→ EXERCISE DETAILS: Exclude the pictures, then restate exactly each line of the data below from the first through the line containing "Per non dimenticare".

#####

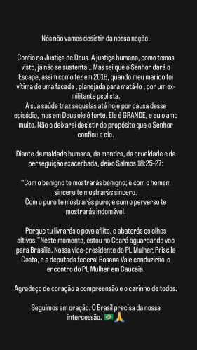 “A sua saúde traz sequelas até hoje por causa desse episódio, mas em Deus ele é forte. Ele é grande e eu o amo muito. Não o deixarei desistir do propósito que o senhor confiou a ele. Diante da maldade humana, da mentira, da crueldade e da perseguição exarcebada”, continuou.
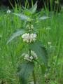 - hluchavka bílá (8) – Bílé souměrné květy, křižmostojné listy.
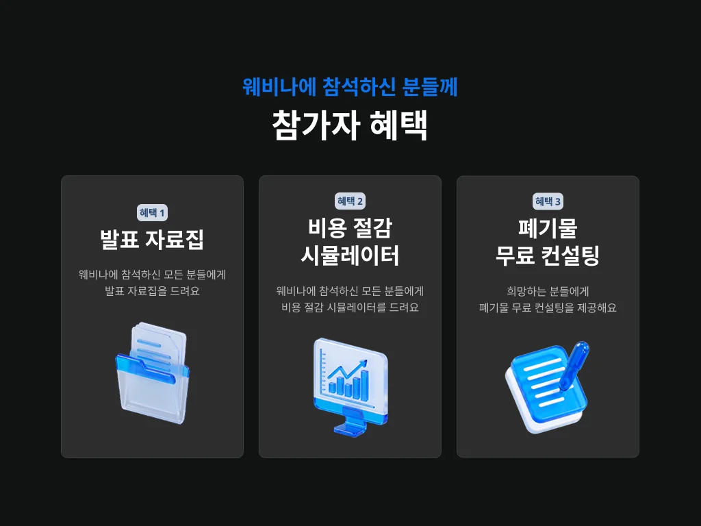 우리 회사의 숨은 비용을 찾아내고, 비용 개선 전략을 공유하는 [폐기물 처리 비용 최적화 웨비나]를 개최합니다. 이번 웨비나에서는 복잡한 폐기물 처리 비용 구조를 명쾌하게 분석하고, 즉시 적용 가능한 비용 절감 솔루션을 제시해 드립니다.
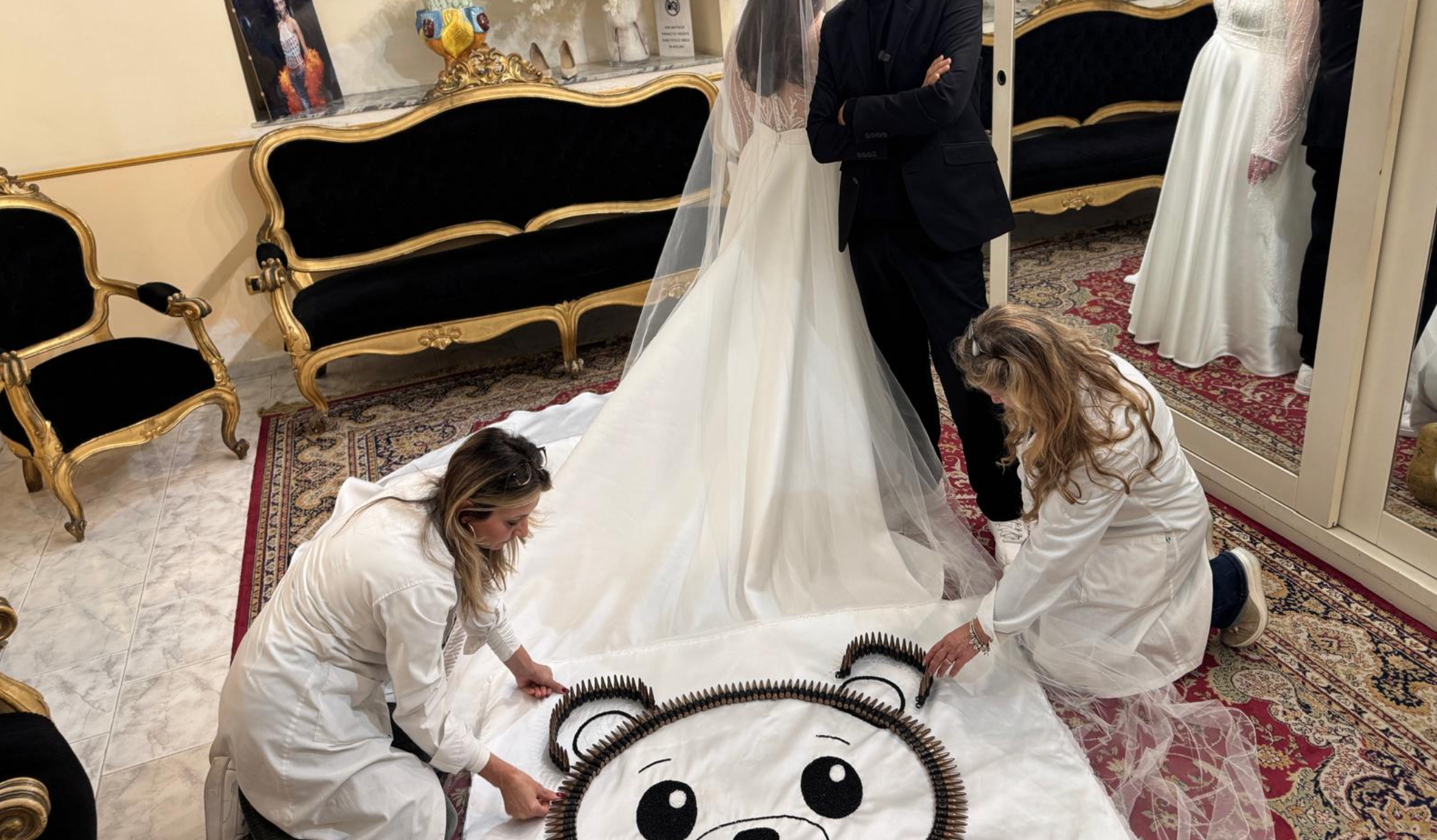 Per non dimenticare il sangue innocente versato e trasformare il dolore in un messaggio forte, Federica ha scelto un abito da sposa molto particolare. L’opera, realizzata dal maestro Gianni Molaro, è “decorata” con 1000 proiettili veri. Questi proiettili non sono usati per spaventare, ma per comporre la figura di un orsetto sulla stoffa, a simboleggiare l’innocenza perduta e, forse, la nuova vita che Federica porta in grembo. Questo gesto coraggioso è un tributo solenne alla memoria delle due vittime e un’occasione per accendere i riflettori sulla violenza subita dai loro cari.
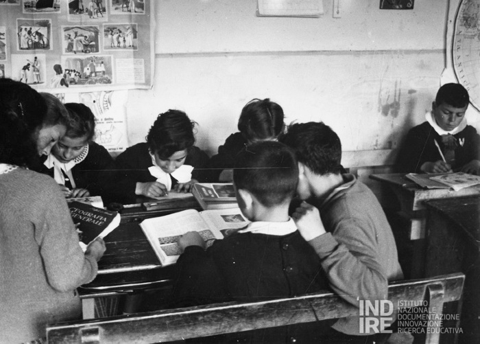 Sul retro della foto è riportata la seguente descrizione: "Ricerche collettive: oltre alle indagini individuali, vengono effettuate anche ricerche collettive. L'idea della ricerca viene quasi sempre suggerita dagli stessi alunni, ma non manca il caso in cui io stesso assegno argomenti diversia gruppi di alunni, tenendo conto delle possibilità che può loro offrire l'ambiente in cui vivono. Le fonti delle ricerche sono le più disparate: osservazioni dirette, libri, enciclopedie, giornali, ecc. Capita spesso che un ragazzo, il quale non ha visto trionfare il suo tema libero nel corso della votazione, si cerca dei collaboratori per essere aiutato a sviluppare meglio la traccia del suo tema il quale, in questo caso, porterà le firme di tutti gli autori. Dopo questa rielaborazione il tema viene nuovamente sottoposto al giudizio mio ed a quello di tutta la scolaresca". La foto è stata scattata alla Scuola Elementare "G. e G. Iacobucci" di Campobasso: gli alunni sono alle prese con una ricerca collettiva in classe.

#####

→ THE ANSWER:
 “A sua saúde traz sequelas até hoje por causa desse episódio, mas em Deus ele é forte. Ele é grande e eu o amo muito. Não o deixarei desistir do propósito que o senhor confiou a ele. Diante da maldade humana, da mentira, da crueldade e da perseguição exarcebada”, continuou.
 - hluchavka bílá (8) – Bílé souměrné květy, křižmostojné listy.
 우리 회사의 숨은 비용을 찾아내고, 비용 개선 전략을 공유하는 [폐기물 처리 비용 최적화 웨비나]를 개최합니다. 이번 웨비나에서는 복잡한 폐기물 처리 비용 구조를 명쾌하게 분석하고, 즉시 적용 가능한 비용 절감 솔루션을 제시해 드립니다.
 Per non dimenticare il sangue innocente versato e trasformare il dolore in un messaggio forte, Federica ha scelto un abito da sposa molto particolare. L’opera, realizzata dal maestro Gianni Molaro, è “decorata” con 1000 proiettili veri. Questi proiettili non sono usati per spaventare, ma per comporre la figura di un orsetto sulla stoffa, a simboleggiare l’innocenza perduta e, forse, la nuova vita che Federica porta in grembo. Questo gesto coraggioso è un tributo solenne alla memoria delle due vittime e un’occasione per accendere i riflettori sulla violenza subita dai loro cari.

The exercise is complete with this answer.